When asked about the significance of the French Revolution, the Chinese premier Zhou Enlai was alleged to have quipped, “it was too soon to tell.” But thirty years after the end of the communist regimes of East Central Europe, Professor Mahoney has made a bold effort to take stock of the Revolution of 1989. And indeed, thirty years of distance has made possible the formulation of some tentative conclusions about the events of that incredible year. One kind of analysis that this distance makes possible is an evaluation of whether the current socio-political arrangements in the region are reflections of the “Spirit of 1989,” or whether they represent a departure from the values that animated the events of that year (and indeed, the following two years as well).

Professor Mahoney argues forcefully for the former point of view. According to him, the Revolution of 1989 represented, first and foremost, a rejection of “Ideology” (especially utopian ideology) and a reassertion of “Truth,” especially the fundamental truth of the Nation. Thus, the current regimes, for example, of Viktor Orbán’s FIDESZ in Hungary or of the Party of Law and Justice in Poland, are indeed the true heirs of the Revolution and its motivating values.

Professor Mahoney is absolutely correct that some of the ideas, sentiments, and beliefs of the current ruling parties in Hungary and Poland (for example), especially nationalism, were certainly very important in the events in 1989. Yet, nationalism and its related culturally conservative impulses that Professor Mahoney so vigorously champions in fact occupied an ambiguous and ambivalent place in the intellectual architecture of the revolutions of that year.[1]
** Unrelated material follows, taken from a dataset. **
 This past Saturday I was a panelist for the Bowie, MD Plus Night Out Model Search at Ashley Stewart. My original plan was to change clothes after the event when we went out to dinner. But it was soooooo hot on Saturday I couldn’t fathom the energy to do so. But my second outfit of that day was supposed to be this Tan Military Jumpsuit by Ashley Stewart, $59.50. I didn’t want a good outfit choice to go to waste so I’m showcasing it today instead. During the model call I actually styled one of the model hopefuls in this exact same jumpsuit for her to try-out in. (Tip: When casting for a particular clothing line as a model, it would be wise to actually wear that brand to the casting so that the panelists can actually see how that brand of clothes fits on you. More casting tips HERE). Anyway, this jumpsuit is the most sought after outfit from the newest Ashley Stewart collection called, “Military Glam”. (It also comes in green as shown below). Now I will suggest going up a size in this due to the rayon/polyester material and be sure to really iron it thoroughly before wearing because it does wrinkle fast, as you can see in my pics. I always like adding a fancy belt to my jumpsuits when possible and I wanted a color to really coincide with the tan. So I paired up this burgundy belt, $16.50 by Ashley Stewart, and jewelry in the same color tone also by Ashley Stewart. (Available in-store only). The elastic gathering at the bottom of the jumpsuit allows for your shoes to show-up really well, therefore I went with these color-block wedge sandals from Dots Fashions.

Along the way, Professor Mahoney argues that the revolutions of 1989 were non-ideological, perhaps even anti-ideological. Here again he is on well-trodden intellectual ground. Some scholars have wondered whether they should be called revolutions at all. Timothy Garton Ash famously coined the term “Refolution,” which he hoped would capture the gradualist, reformist spirit of these (generally) non-violent “revolutions.” Instead of ideology, there were broad ideas and generalized talk about “free markets,” “civil society,” “democracy,” “dignity,” “national independence” and so on. The closest that the revolutionaries came to slogans like “Liberty, Equality, Fraternity!” (or, for that matter “Workers of the World Unite!”) were calls for “Return to Europe” or “Return to Normalcy.” The revolutions (or “refolutions”) were thus based, implicitly or explicitly, on a kind of backward-looking, nostalgic program. Rather than the typical revolutionary narrative of utopia (or at least “Progress”), the revolutionary impulse of 1989 was aimed at recapturing some lost past, or somehow turning back the clock.
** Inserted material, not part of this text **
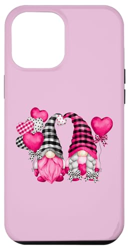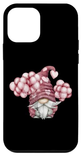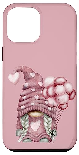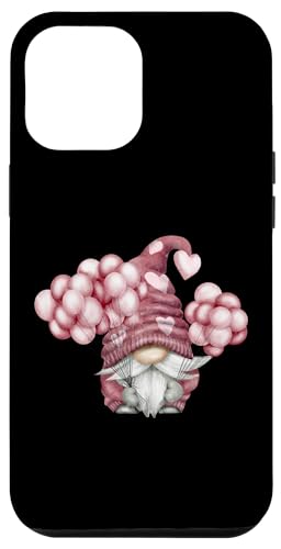 Pink Valentines Motif with Heart Ballons Cute Love GNOME Coque pour iPhone 12 Pro Max

But if the watchword of the revolutions was “return,” to which date was the calendar to be reset? Which of the various historical pasts were the beacons for the anti-communists of 1989? As Vladimir Tismaneanu, among others, has pointed out, “the struggle with legacies of the past is the hallmark of the post-communist condition.” The past offers not only liberal, individualistic, and cosmopolitan episodes, but authoritarian, collectivist, and nationalist ones too. Václav Havel, in 1991, wrote that postcommunism is “a long forgotten history coming back to haunt us, a history full of thousands of economic, social, ethical, territorial, cultural, and political problems that remained latent and under the surface of totalitarian boredom.” Is the “normal” condition to which the revolutionaries of 1989 sought to return poisoned by this “long forgotten history”?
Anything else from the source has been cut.